Concavities and convexities for address identification are formed in the form of a low part having the same height as the track, and a region having the same height as the high track is left in the low track for each unit information section.
An optical recording medium characterized in that it is pre-formatted by forming unevenness for address identification in a shape . 7. The optical recording medium according to claim 6, wherein at least a first dielectric film, a magneto-optical film, and a second dielectric film are laminated on the surface of the transparent substrate. 8. The light according to claim 6, wherein at least a first dielectric film, a magneto-optical film, a second dielectric film, and a metal film are laminated on the surface of the transparent substrate. recoding media. 9. The optical recording medium according to claim 6, wherein at least a first dielectric film, a phase change film, and a second dielectric film are laminated on the surface of the transparent substrate. 10. The light according to claim 6, wherein at least a first dielectric film, a phase change film, a second dielectric film, and a metal film are laminated on the surface of the transparent substrate. recoding media. 11. Tracks for recording information are alternately provided on the surface of the transparent substrate with different heights, whereby high-altitude tracks and low-altitude tracks are alternately formed, and the high-altitude tracks and the low-altitude tracks are formed. A recordable optical recording medium in which a concave and convex pre-format for address identification is formed for each unit information section, and the address identification is performed on the high-altitude track by narrowing the track width for each unit information section. Is formed on the low- altitude track for each unit information section.

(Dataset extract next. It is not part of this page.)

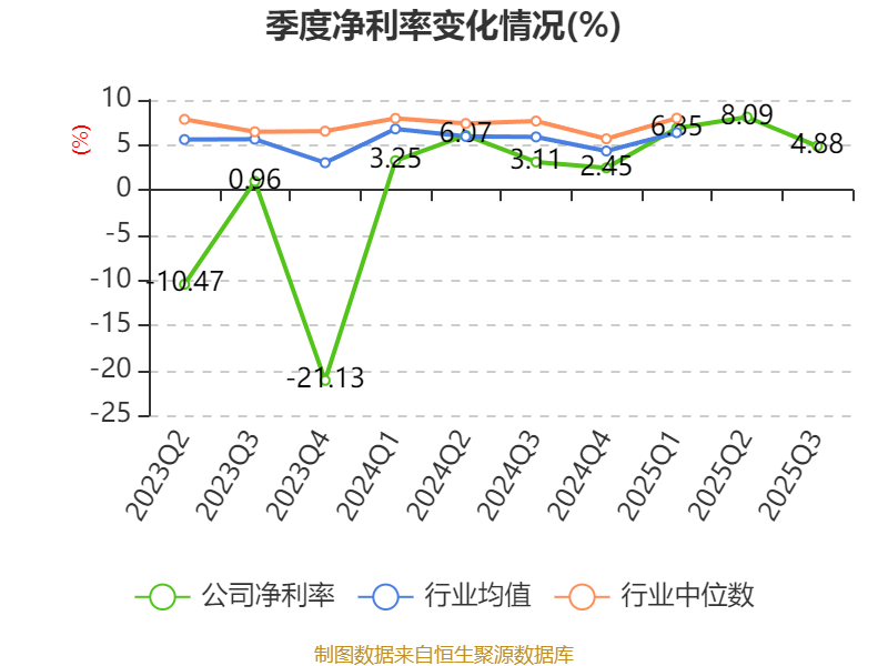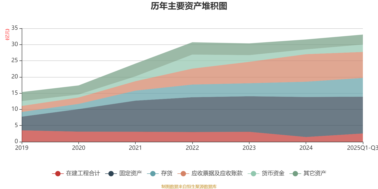 资产重大变化方面,截至2025年三季度末,公司固定资产较上年末减少8.19%,占公司总资产比重下降4.85个百分点;在建工程合计较上年末增加74.98%,占公司总资产比重上升3.1个百分点;应收票据及应收账款较上年末减少5.51%,占公司总资产比重下降2.65个百分点;存货较上年末增加22.67%,占公司总资产比重上升2.55个百分点。

The optical recording medium is characterized in that pre-formatting is performed by forming concavities and convexities for address identification while leaving a region of the same height . 12. The optical recording medium according to claim 11, wherein at least a first dielectric film, a magneto-optical film, and a second dielectric film are laminated on the surface of the transparent substrate. 13. The light according to claim 11, wherein at least a first dielectric film, a magneto-optical film, a second dielectric film, and a metal film are laminated on the surface of the transparent substrate. recoding media. 14. The optical recording medium according to claim 11, wherein at least a first dielectric film, a phase change film, and a second dielectric film are laminated on the surface of the transparent substrate. 15. The light according to claim 11, wherein at least a first dielectric film, a phase change film, a second dielectric film, and a metal film are laminated on the surface of the transparent substrate. recoding media.